Growing up in an Indian household, Zakir Hussain has always been a household name for me. I’ve listened to his music crackle out from the boombox in our kitchen, the sounds of the tabla resounding off the walls. I’ve danced Kathak, a traditional form of Indian classical dance, to his compositions and have been astounded with the speed that is necessary to keep up with his tempo. Understandably, when I heard Zakir Hussain was coming to Ann Arbor with his band CrossCurrents, I was stoked.

Hussain is widely recognized as one of the most influential musicians of our time. Born in Mumbai, India, Hussain is treasured worldwide as a maestro player of tabla, a traditional type of Indian drum played with the hands. CrossCurrents, Hussain’s latest endeavour, is a blend between classical Indian music and Western jazz. His band is composed of a stunning array of musicians: the revered bass player Dave Holland, known for his large contribution to jazz, and Shankar Mahadevan, one of the top vocalists to come out of India in the last two decades. Others include leading saxophone player Chris Potter, the “Godfather of Indian Jazz” Louiz Banks on keyboard, Sanjay Divecha on guitar and Gino Banks on drums.

CrossCurrents capitalizes on the high level of improvisation in both Indian classical music and jazz, blending the two styles together to create a new and unique sound. To all those who are skeptical, rest assured, CrossCurrents seamlessly switched from Indian classical to jazz in a way that was fresh and exhilarating.

The band walked out to a full audience in the Michigan Theater on Wednesday evening, and everyone whooped and hollered when Hussain entered and bowed to the audience with his palms pressed together, an Indian gesture of greeting and respect. Dave Holland dressed in a kurtha, a traditional Indian garment worn by males, and the audience chuckled in admiration. With full smiles on their faces, they started to play.

The first piece started with the tabla and sax, a contrast that jarred the audience at first but slowly won their awe. The sharp, ringing sound of the sax contrasted greatly with the mellow, deep tabla, yet both complimented each other perfectly. Hussain fed off the sax’s leads, maintaining eye contact and following his pace the whole time. Gradually, the other instruments joined in, some tentatively and others loudly. CrossCurrents’ sound could be described as intervals of all the instruments playing together with random breaks for a rapid tabla sequence or sax solo. The effect was nothing short of beautiful.

The carnatic piece performed, a common type of Southern Indian music, deserves special mention for Mahadevan’s vocals. Much like opera singing, Carnatic music puts emphasis on long stretches of notes within one breath and the rapid transitions between notes during this. Each time Mahadevan sang a note, his hands moved in front of him accordingly to the music. Every crescendo or decrescendo was followed by his hands, his eyes concentrated upwards towards the balcony level. Just when the audience thought he couldn’t hold the note any longer, the power in his voice would double. In the breaks of singing, Hussain would play his tabla to mimic what had just been sung. The sax and bass would harmonize as well, adding in a burst of jazz to what was otherwise a very traditional type of Indian music.
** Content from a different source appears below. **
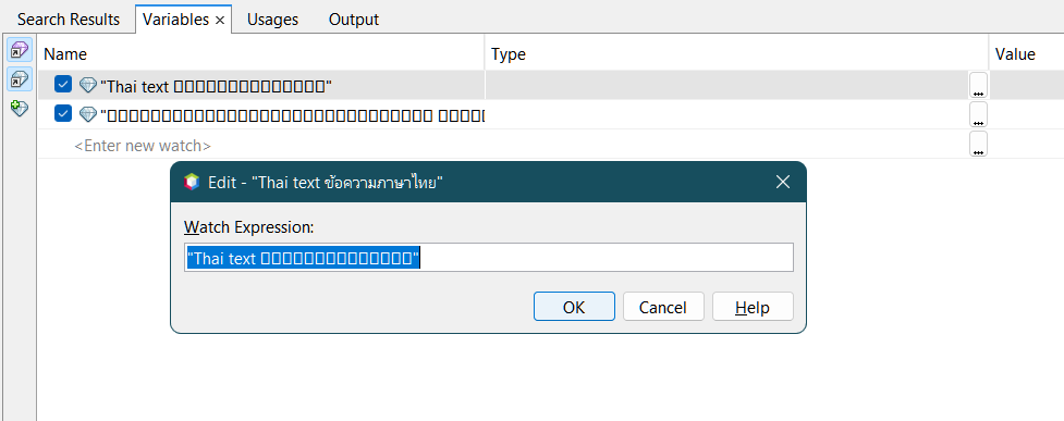 I wonder if it's possible to make Variables window display Thai text correctly instead of rectangles.

This connection between Indian and jazz music was exemplified in the jugalbandi sections of the performance. In Indian music, jugalbandi is when one instrument plays a melody, sometimes lasting for several minutes, and another instrument has to play this exact melody by memory. Usually this is done between the tabla and another Indian instrument, such as the sitar, a string instrument partially resembling a large guitar. CrossCurrents, however, chose to extend this jugalbandi to Western instruments as well. Hussain would play a short sequence on the tabla, and Holland would reciprocate on the bass. Shortly after, Potter would mimic this on the sax. When the audience, primarily Indian, realized this trend, they laughed appreciatively.

Hussain’s tabla solo near the end of the performance brought home the message of CrossCurrents. His hands danced over the tabla at a speed so fast that they were a blur. From my seat, it looked like he wasn’t even touching the tabla at all, yet the sound rang loud and clear around the halls. His fast breaks were accompanied by dramatic pauses, during which the audience cheered quickly before he resumed again.

Hussain’s playing proved just what a master he is. After a long stretch of Indian classical playing, Hussain suddenly switched to an excerpt from perhaps the most iconic classical music piece ever, “Eine kleine Nachtmusik” by Mozart, and the audience roared with laughter. Hussain successfully showed that Western music truly does have a place in the world of Indian classical. His message, and that of CrossCurrents, will not be forgotten.